_About this exercise_. Provide an exact copy of the data, excluding the images.

_Source material_.
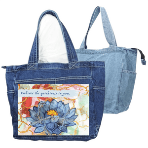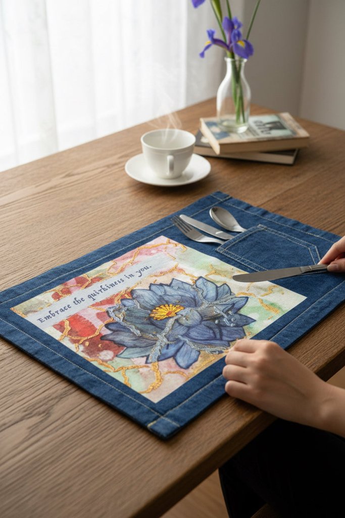 On white denim, clarity takes hold. The gold crack lines sharpen, the petal outlines become crisp, and the contrast between cool blue and warm yellow intensifies. The quirks read clearly as features, not accidents. This clarity matters because it frames difference as something seen openly and celebrated.
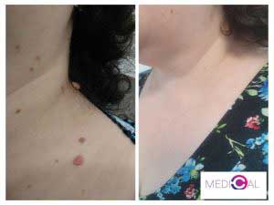 - Eficiență ridicată – după unul sau două tratamente, alunițele pot fi eliminate complet. De asemenea, se pot trata zone ale pielii greu accesibile prin alte metode.
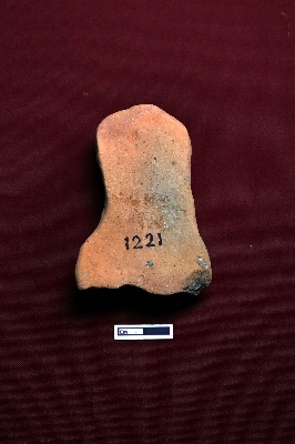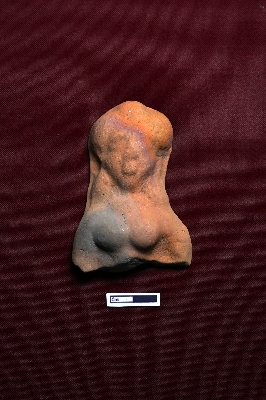 | Description / विवरण | A terracotta plaque shows an intact female figurine from the top to the upper part of the belly. The facial expression is partially visible large mouth and thick nose. |

_Response to this task_.
 On white denim, clarity takes hold. The gold crack lines sharpen, the petal outlines become crisp, and the contrast between cool blue and warm yellow intensifies. The quirks read clearly as features, not accidents. This clarity matters because it frames difference as something seen openly and celebrated.
 - Eficiență ridicată – după unul sau două tratamente, alunițele pot fi eliminate complet. De asemenea, se pot trata zone ale pielii greu accesibile prin alte metode.
 | Description / विवरण | A terracotta plaque shows an intact female figurine from the top to the upper part of the belly. The facial expression is partially visible large mouth and thick nose. |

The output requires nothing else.